Pal Soumiya, Bagchi Ashim K, Henry David S, Landes Reid D, Mu Shengyu, Rhee Sung W, Rusch Nancy J, Stolarz Amanda J
Department of Pharmaceutical Sciences, College of Pharmacy (S.P., A.K.B., A.J.S.), University of Arkansas for Medical Sciences, Little Rock, AR.
Department of Pharmacology and Toxicology, College of Medicine (D.S.H., S.M., S.W.R., N.J.R., A.J.S.), University of Arkansas for Medical Sciences, Little Rock, AR.
Hypertension. 2025 Jan;82(1):72-83. doi: 10.1161/HYPERTENSIONAHA.124.23194. Epub 2024 Nov 6.
Hypertension increases the risk of lymphedema in patients with comorbidities, but whether hypertension directly compromises lymph vessel (LV) function and lymph flow is unclear. We compared the contractions of mesenteric LVs ex vivo and lymph flow in vivo between normotensive and Ang II (angiotensin II)-induced hypertensive rats and explored the ionic basis of contractile patterns. Key studies were recapitulated in spontaneously hypertensive rats and control Wistar-Kyoto rats.
Video microscopy continuously recorded the diameters of cannulated rat mesenteric LVs, and high-speed optical imaging estimated mesenteric lymph flow in vivo. Jess capillary Western electrophoresis evaluated expression levels of ion channel proteins.
Isolated LVs from Ang II-induced hypertensive rats exhibited dysrhythmic contractions, whereas LVs from both Ang II-induced hypertensive rats and spontaneously hypertensive rats exhibited reduced diastolic diameters and cross-sectional flow. Mesenteric lymph flow in vivo was 2.9-fold lower in Ang II-induced hypertensive rats compared with normotensive rats. Surprisingly, the LVs from Ang II-induced hypertensive rats expressed fewer intact L-type Ca channel pore proteins and more modulatory cleaved C-terminal fragments. However, pharmacological block of voltage-gated K channels but not other K channel types in control LVs established the pattern of contractile dysfunction observed in hypertension. Jess capillary Western electrophoresis analysis confirmed a loss of Shaker-type K1.2 channels in LVs from hypertensive rats.

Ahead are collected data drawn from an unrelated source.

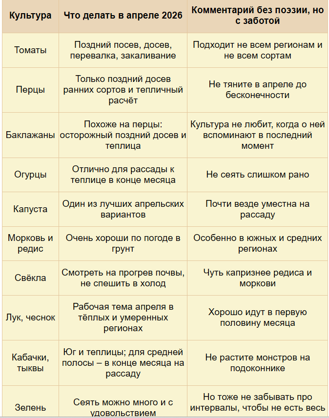 Будет подробно, с юмором, по-человечески и с таблицами. Потому что апрель – это месяц, когда у огородника одновременно дрожат руки от энтузиазма и от мысли: «Я не успею всё посеять, перевалить, укрыть, пролить, распикировать и при этом не поссориться с погодой». Спокойно. Сейчас всё разложим.
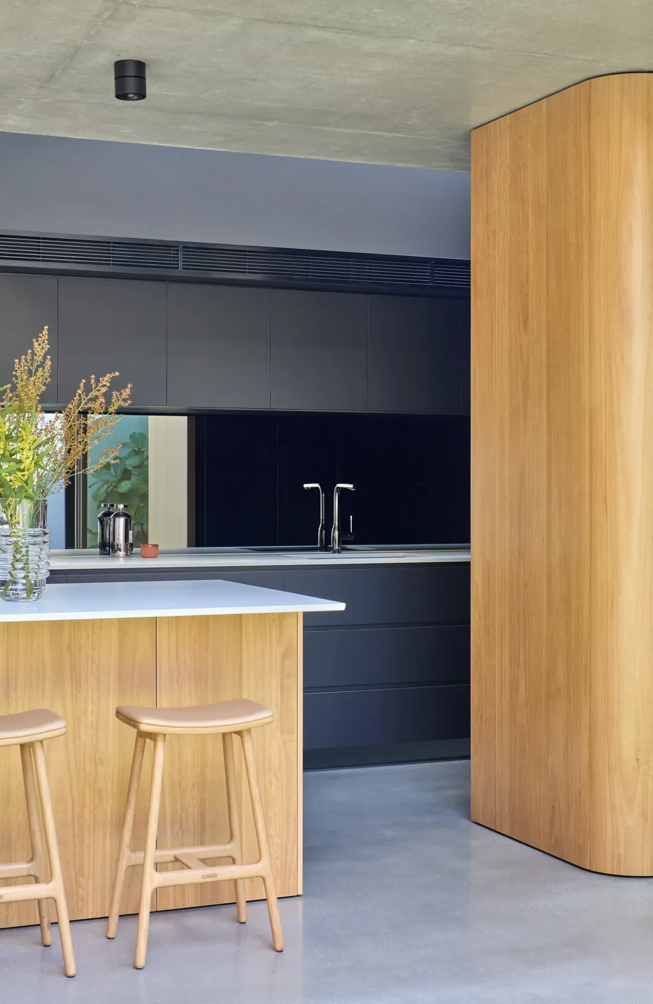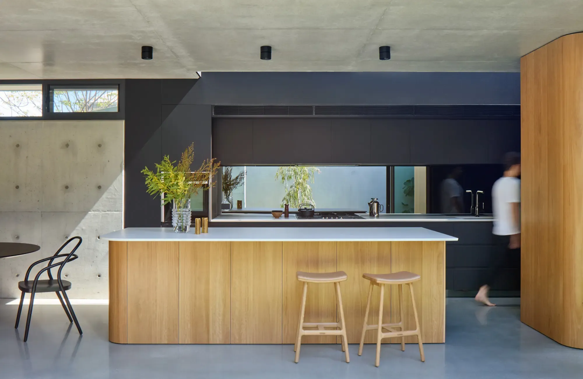 The design of Little Albion thoughtfully combines off-form concrete walls and ceilings with the warmth of natural Australian Blackbutt timber and Silvertop Ash timber cladding, resulting in a unique and inviting aesthetic. The goal was to create a home that not only meets the functional needs of the clients, but also reflects their vision for a modern and stylish retirement residence by the beach, full of texture, light, and functionality, in contrast to the old cottage.
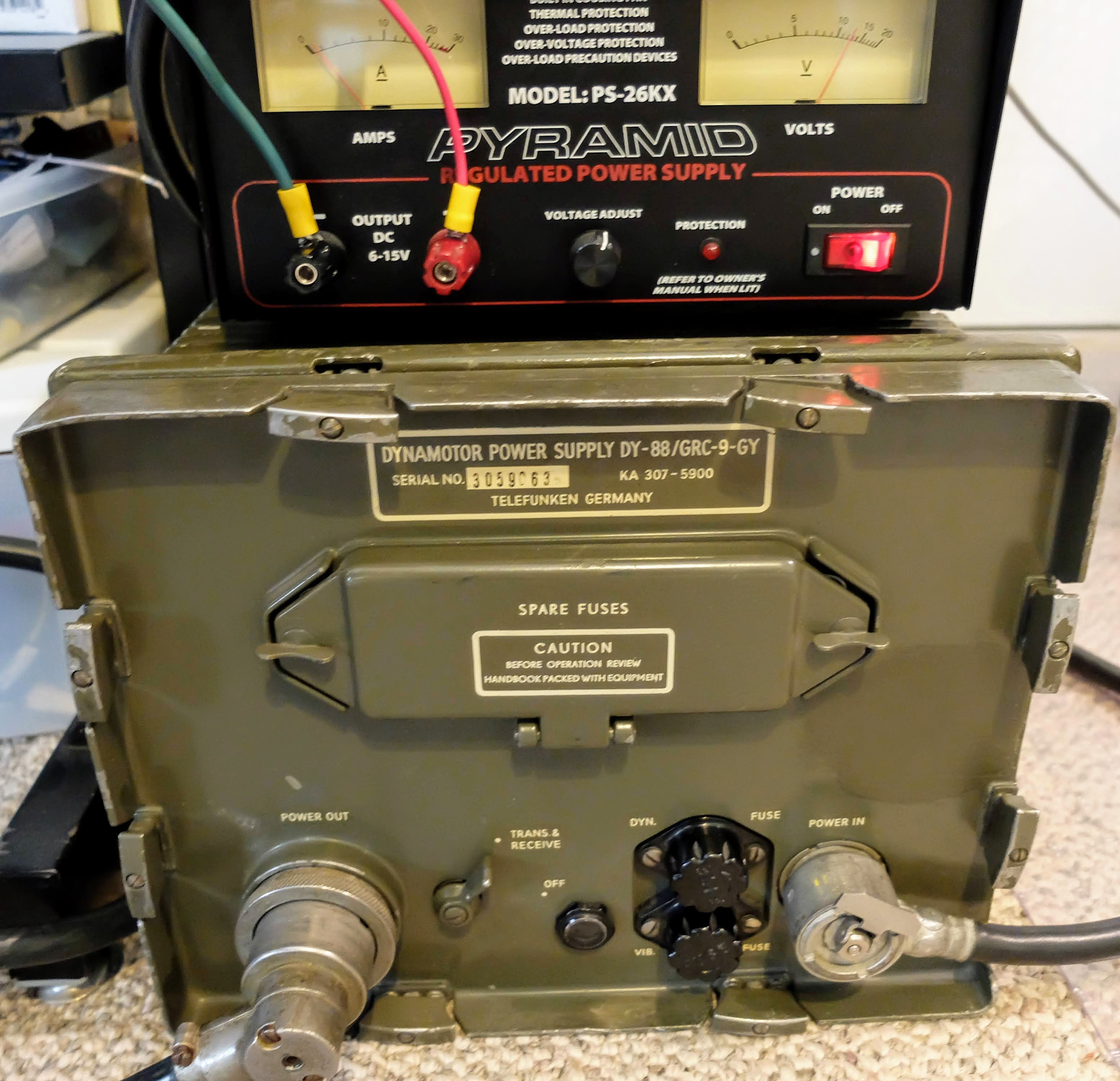 In the few days I've had the AN/GRC-9 the only problems I've encountered have been related to the old DY-88 power supply. Old vibrators cans are generally seized up, as was the case with mine. Eventually mine became un-stuck after repeated applications of power but there are some methods to restore truly frozen ones using AC current and light bulbs (see Notes section below).
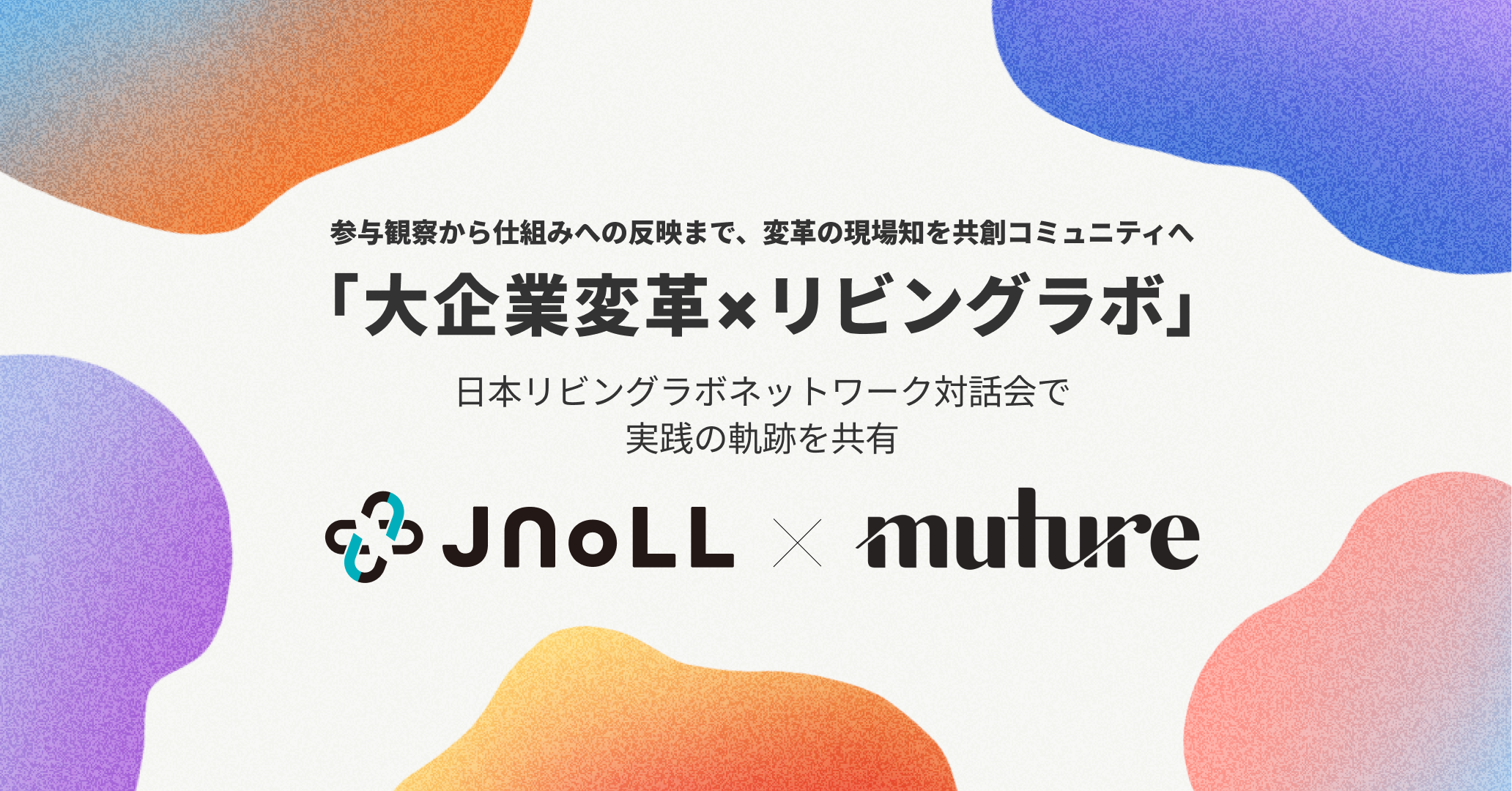 丸井グループとグッドパッチの合弁会社として企業変革を支援する株式会社Muture(本社:東京都中野区、代表取締役:莇 大介、以下「Muture」)は、2026年3月11日(水)に開催される一般社団法人日本リビングラボネットワーク(代表理事:木村篤信、以下「JNoLL」)の対話会にて、代表取締役の莇 大介が「大企業変革×リビングラボ」をテーマに話題提供を行います。デザイン会社との合弁という立場から深く入り込み、丸井グループの企業変革に取り組んできた実践の軌跡を、リビングラボおよび共創活動の実践者との対話の場で共有します。
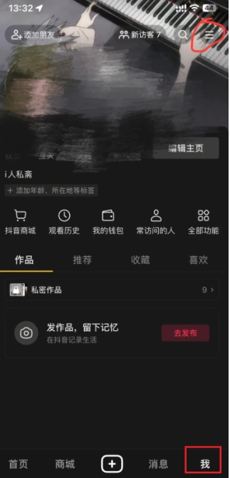 1. 首先打開抖音,接著點擊界面下方的“我”,隨后點擊右上角的三條杠圖標。
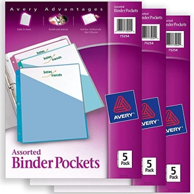 Avery Plastic Binder Pockets, Assorted Colors, 5 Pockets per Pack, 3 Packs (75221)
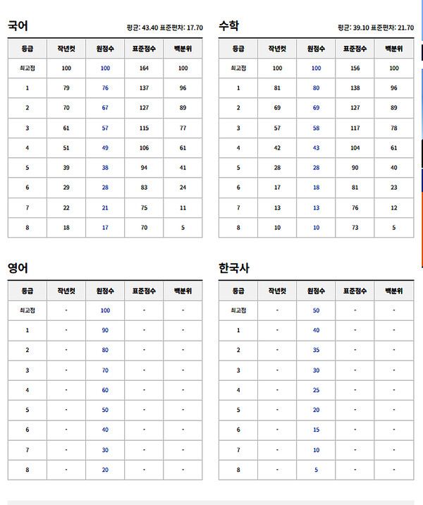 ebsi에 따르면 고2학년 예상등급컷은 국어 1등급은 76점, 2등급은 67점, 3등급은 57점이다.수학1등급은 80점, 2등급은 69점, 3등급은 58점이다.

We provide initial evidence of lymphatic contractile dysfunction and compromised lymph flow in hypertensive rats, which may be caused by a loss of K1.2 channels in the lymphatic muscle cells.
高血压会增加合并症患者发生淋巴水肿的风险,但高血压是否直接损害淋巴管(LV)功能和淋巴流动尚不清楚。我们比较了正常血压大鼠和血管紧张素 II(Ang II)诱导的高血压大鼠离体肠系膜淋巴管的收缩情况以及体内淋巴流动情况,并探讨了收缩模式的离子基础。在自发性高血压大鼠和对照Wistar-Kyoto大鼠中重复了关键研究。
视频显微镜连续记录插管大鼠肠系膜淋巴管的直径,高速光学成像估计体内肠系膜淋巴流动情况。Jess毛细管免疫印迹法评估离子通道蛋白的表达水平。
来自Ang II诱导的高血压大鼠的离体淋巴管表现出节律紊乱的收缩,而来自Ang II诱导的高血压大鼠和自发性高血压大鼠的淋巴管均表现出舒张直径和横截面积减小。与正常血压大鼠相比,Ang II诱导的高血压大鼠体内肠系膜淋巴流动降低了2.9倍。令人惊讶的是,来自Ang II诱导的高血压大鼠的淋巴管表达的完整L型钙通道孔蛋白较少,而调节性裂解的C末端片段较多。然而,在对照淋巴管中对电压门控钾通道而非其他钾通道类型进行药理学阻断,确立了在高血压中观察到的收缩功能障碍模式。Jess毛细管免疫印迹分析证实高血压大鼠淋巴管中Shaker型K1.2通道缺失。
我们提供了高血压大鼠淋巴收缩功能障碍和淋巴流动受损的初步证据,这可能是由淋巴肌细胞中K1.2通道缺失所致。